This is my third week at Microsoft. Happily, Dell is rapidly becoming a distant memory. Comparing the two companies is like shopping at Wal-Mart versus Neiman Marcus. There are almost no similarities, aside from both being Fortune 50, multinational organizations in the high-technology industry.
Orientation at Microsoft lasted nearly two days. There was over 100 new and returning employees, interns and people from Microsoft vendors in my orientation class. After providing my name, I was given a large plastic envelop filled with information on benefits, Microsoft polices and IT processes, coupons, and other information to help ensure a smooth start. I then visited four stations to have my picture taken for a card key, fill out personal information, confirm my right to work for Microsoft, and verify I’d reviewed and understood my offer letter.
The presenters during the orientation were engaging and sometimes very entertaining; their slides matched what was in a large ring-bound orientation book… which I referred to numerous times in my first two weeks at Microsoft. The focus, like Microsoft’s mission, centered on helping people and businesses throughout the world to realize their full potential. We were instructed not to be late to meetings, respond to emails promptly, be respectful of co-workers, take responsibility for our actions, and be willing to stand up for what’s right and what’s best for customers. In addition, the contributions of the individual contributor were highlighted over those of upper management.
While it’s easy to present idealistic concepts during an orientation, putting them into practice is another issue. Amazingly, I’ve found people at Microsoft to be very respective, responsive and extremely focused on improving the customer experience. My position is very process-oriented with a large team doing site and content management, editing, web productions, metrics, and strategy (my position). The team supports numerous marketing managers. What’s done by two dozen people at Microsoft is done by three or four at Dell.
Along with presenting a great work experience, the environment is fabulous. I’m in a three story building that’s "V" shaped with several bumps. Most of the offices either have a window or are only a short walk from a window or the sunlight-lit atrium in the center of the building. My office is quite large and designed for two people. Because I’m new to Microsoft, I don’t qualify for an office with a window. Prime office are assigned to employees based on seniority and not rank.
The building backs up to a quad area that’s shared by two other, oddly shaped buildings. Surrounding the building are terraces filled with beautiful plantings and plantings. The cobblestone quad also has several fountains and numerous benches, and tables. Visit this site to see the Microsoft campuses and read some fun comments about the Microsoft environment.
Across from this grouping of buildings is a large field, where during the day (and on weekends), you can see soccer and cricket matches between Microsoft employees. There are numerous sports fields on the campus along with quads to relax or work outside. The insides of the buildings are equally commodious with groupings of comfortable chairs and couches for meetings or putting ones feet up as they work. Natural light filters in through the numerous window and atriums.

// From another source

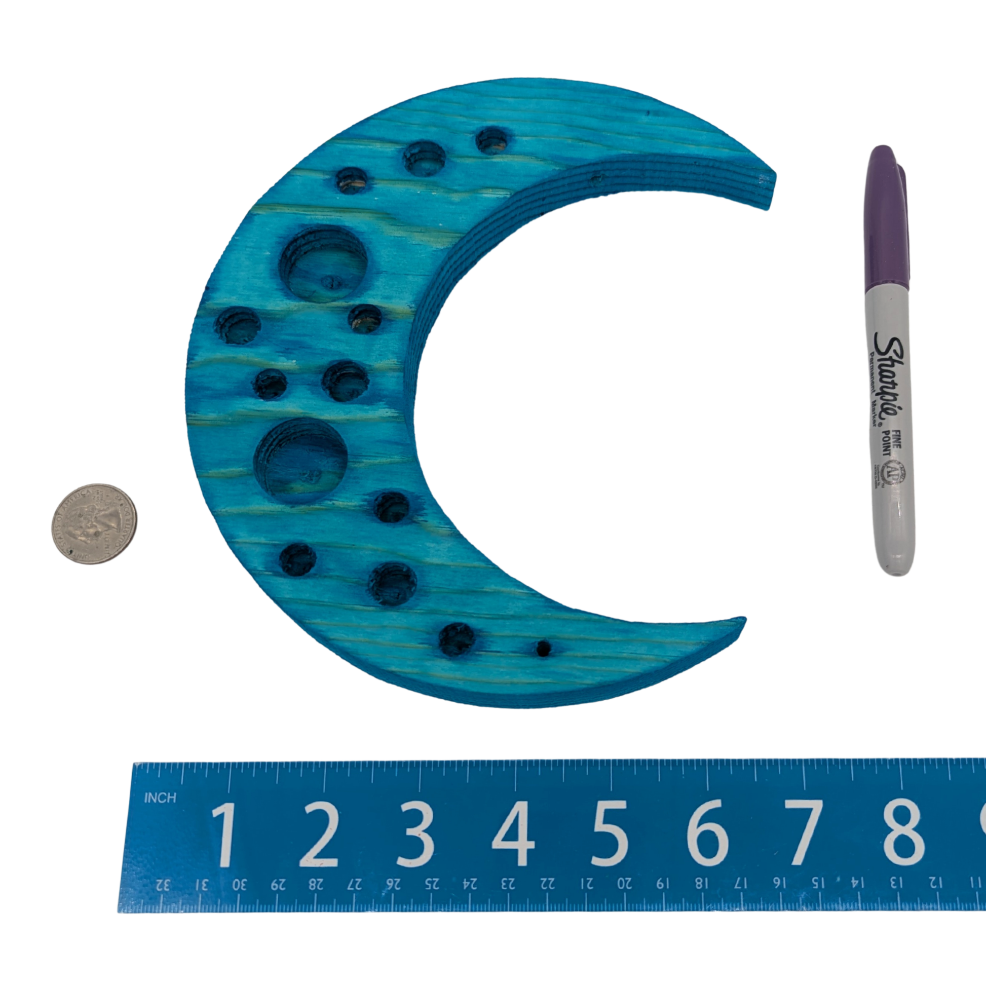 A 3/4" thick moon serves as a perfect swing spot for smaller birds! Decorated with 3/8 and 1/2" wood balls, a 1/4" thick hardwood star, and sparkly pony beads. Strung on paper rope. Also has two empty holes to hide treats in!

Most parking is below ground or in parking garage, leaving lots of space between the buildings for lush landscaping and interesting architectural features, terraces and covered walkways. It’s like a college campus, only more high-tech with people scurrying by on foot, bicycle, skateboard, scooter, and even Segway. On the streets are shuttle and city buses, hybrid cars that transport recruiters from building-to-building, very expensive sports cars, lots of economy, compact and mid-size cars, and an occasional truck or SUV.
I’d been told that Microsoft has free coffee and sodas. I never envisioned that the break areas would have refrigerator cases like you’d find in convenience stores stocked with 36 different types of beverages from fruit juices (apple, cranberry, grape, grapefruit, orange, and V8) to Pepsi and Coke products (Fresca, five varieties of Talking Rain, Cherry Coke, Coke, Zero Coke, Pepsi, Diet Pepsi, root beer, etc.) and milk (low fat, non-fat, chocolate, low-fat chocolate).
Across from the refrigerator cases is a Starbuck’s coffee machine. You simply select the cup size and type of coffee or hot chocolate then push "brew." The machine grinds the whole beans and instantly brews your beverage. You can also select from dozens of varieties of teas, cider, and powdered hot chocolate.
Being the Pacific Northwest, paper, aluminum and polystyrene recycling bins are everywhere you turn. Everything is recycled. In the cafeteria, signs instruct employees to scrap their styrofoam plates then deposit them along with foam cups, plastic silverware and bottles into the polystyrene bins. While some companies like to label themselves as environmentally astute, others, like Microsoft, truly do whatever is necessary to save or recycle valuable resources.
During my first week at Microsoft, the printer stopped working. Within an hour, a technician showed up and fixed it. The technicians are remotely alerted by the printers whenever they break or start to run low on paper or toner!
There’s no voice mail. Instead, calls are routed to one’s computer. A message is then sent via email informing you that a message was recorded. You simply click on the email and listen to the message via your computer’s speakers! You can also dial from our computer and receive faxes directly to your computer.
Working at Microsoft is like being in a Jetson cartoon. It’s very hip, automated and forward-thinking!